What do these findings tell us? Unfortunately, many of them bring up more questions than they answer. However, they suggest caution in making assumptions about human evolution. Parish and de Waal (2000) raise important points to consider in re-evaluating some of our previous models for understanding human evolution. However, it appears that some of the most notable characteristics of bonobos, such as female dominance, sexuality, and bonding, are more complicated than we realize. Furthermore, as Parish and de Waal (2000) mention, chimpanzees and bonobos have many differences that arose within the past million years. Some of the unique features we seen in bonobos may be recently derived traits. We need to be careful about assuming that all of these behaviors are directly linked, or in proposing a bonobo-centric model of human evolution. I think that bonobos provide a great comparative perspective for considering the role of non-reproductive sexual behaviors, including homosexual behavior, in human evolution. However, bonobos do not form the pair-bonds that are characteristic in human societies. Studying the underlying mechanisms between these differences are what is likely to lead to new insights to help us better understand our own evolution.

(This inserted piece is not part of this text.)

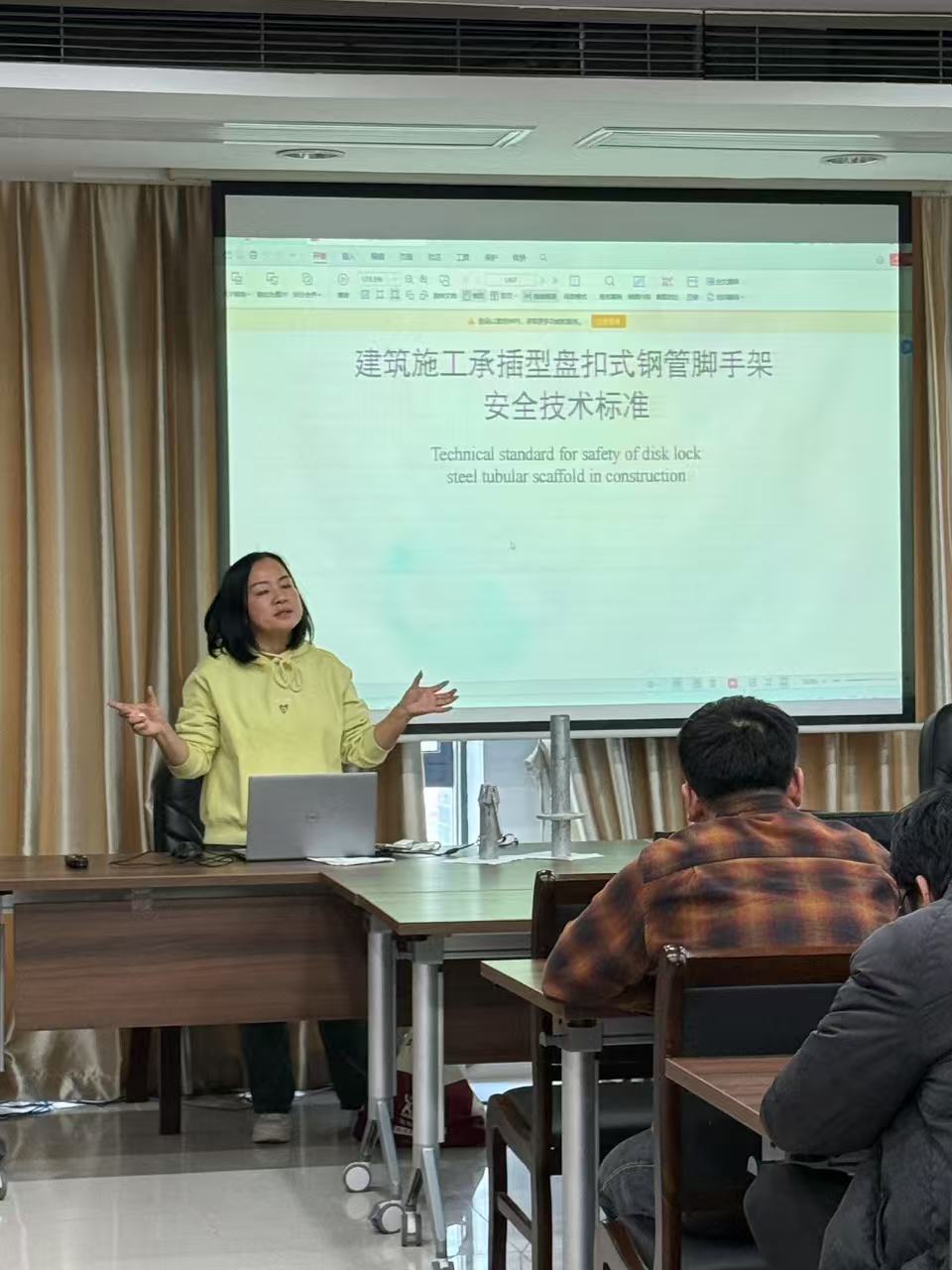 盤扣式腳手架因其結(jié)構(gòu)穩(wěn)定、搭設(shè)便捷等特點(diǎn),在房建工程中得到了廣泛應(yīng)用。然而,其安全風(fēng)險(xiǎn)也不容忽視。培訓(xùn)中,講師從盤扣式腳手架的設(shè)計(jì)規(guī)范、搭設(shè)工藝、驗(yàn)收標(biāo)準(zhǔn)及常見隱患等方面進(jìn)行了詳細(xì)講解,并結(jié)合實(shí)際案例,深入剖析了監(jiān)理工作中的關(guān)鍵點(diǎn)。

Hohmann G, Fruth B. 2000. Use and function of genital contacts among female bonobos. Anim Behav 60:107–120.
Hohmann G, Mundry R, Deschner T. 2009. The relationship between socio-sexual behavior and salivary cortisol in bonobos: tests of the tension regulation hypothesis. Am J Primatol 71:223–32.
Lancaster JB, Kaplan HS. 2009. The Endocrinology of the Human Adaptive Complex. In: Ellison PT GP, editor. The Endocrinology of Social Relationships. Cambridge, MA: Harvard University Press. p 95–118.
Sannen A, Van Elsacker L, Heistermann M, Eens M. 2005. Certain aspects of bonobo female sexual repertoire are related to urinary testosterone metabolite levels. Folia Primatol 76:21–32.
Wingfield J, Hegner R, Dufty Jr A, Ball G. 1990. The “Challenge Hypothesis”: Theoretical Implications for Testosterone Secretion, Mating Systems and Breeding Sytrategies. Am Anthropol 136:829–846.